Sunday, February 7, 2016

Where's the Librarian? Discussion Post

Richard Baraniuk’s TED Talk was very revolutionary for a speech given in 2006.  The idea of open-source is not new, but has not seemed to apply to K-12 school levels until very recently.  Because of the graduate classes I have taken in library science, I now see the librarian as the center of the informational storm swirling around a school.  The librarian has the education and knowledge to decipher accurate information from the millions and millions of webpages on every topic known to man—they truly are the “quality control” for the school.  With open source education comes the fact that anyone—and they mean anyone—can contribute information to the masses, and some of this information can be hurtful, incorrect, or damaging.  Teachers have long trusted their printed textbooks to relay information to their students, and the idea of creating textbooks that are tailored to specific students in terms of language and educational level can be a daunting proposition.  This is a perfect example of where a librarian can be the “person of reason”.  The librarian probably has the most knowledge of open source in the first place, and he or she can provide accurate information to the teachers so that teachers know how to use the sources productively.  It doesn’t matter how amazing a source is for students if the teachers don’t know how to use it or refuse to use it.
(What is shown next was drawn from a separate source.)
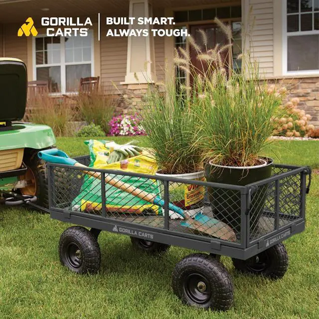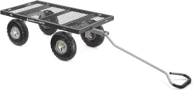 All-Terrain Tires: Four 10-inch pneumatic tires roll easily over dirt, gravel, grass, and pavement, keeping projects moving quickly without unnecessary delays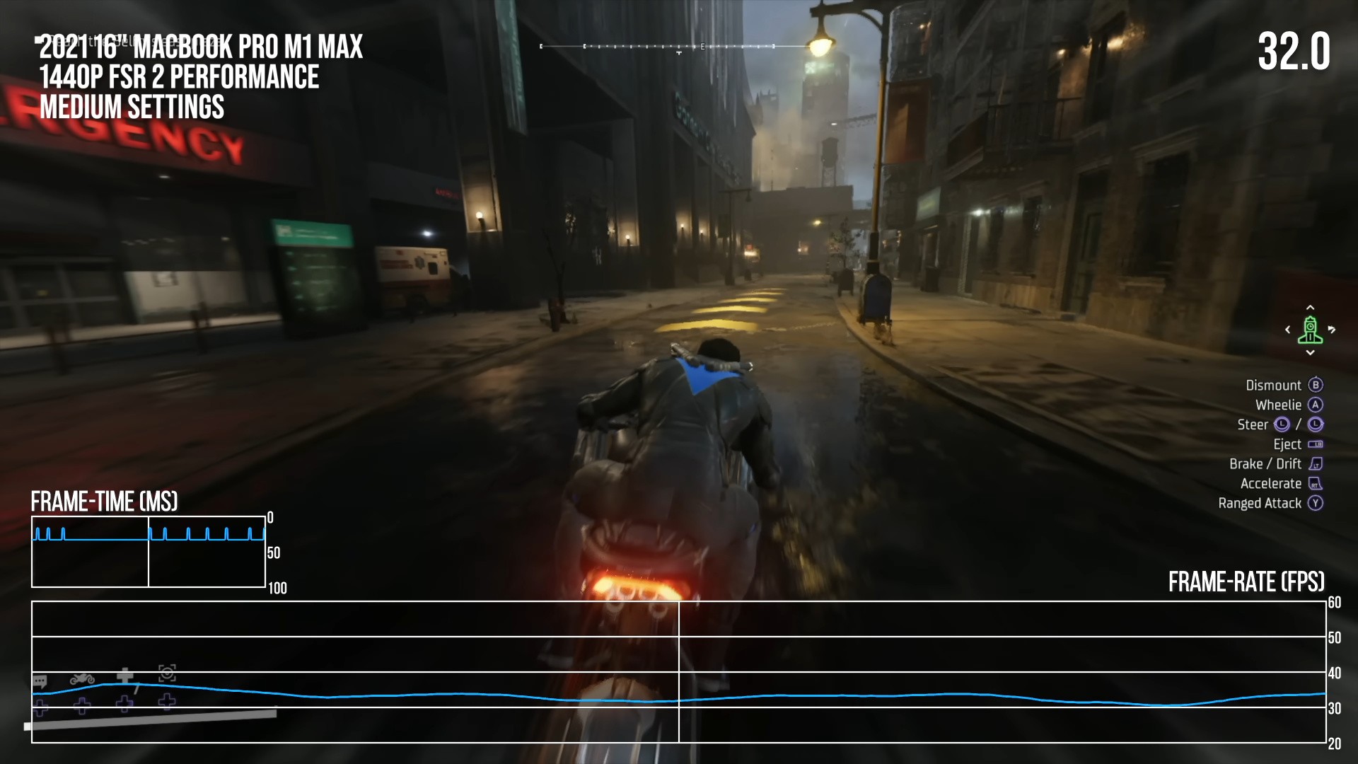 On the positive side, the game graphics continue to render without issue, and I had no issues whatsoever hopping in and playing just like I would on a gaming PC. Unfortunately, we're typically in 30-60fps territory again, though this is less unexpected than with Dead Space. Gotham Knights exhibits a poor CPU performance profile during open world traversal, bound by single-core speed, so the M1 Max's cores being capped at 3.2GHz is probably limiting our performance. On the flip side, indoor scenes hold a stable 60fps and the game is quite playable overall, despite the two-faced performance profile - especially bearing in mind that mid-range and low-end PCs face similar issues.

As a science teacher who is using ten year old textbooks, I can tell you that my books are out of date the minute they are published.  So many new scientific discoveries are made every year that the textbook cannot keep up with the information and no school district can afford to replace their textbooks yearly.  Open-source textbooks would help eliminate that lag time in scientific information.  A science teacher could choose to use a new textbook every year, provide several different sources to her students, or choose to not use a textbook at all.  My colleagues and I rely more on current scientific articles and websites to find current information for our students than the textbook.  In fact, I rarely use the textbook other than as a resource for basic background information.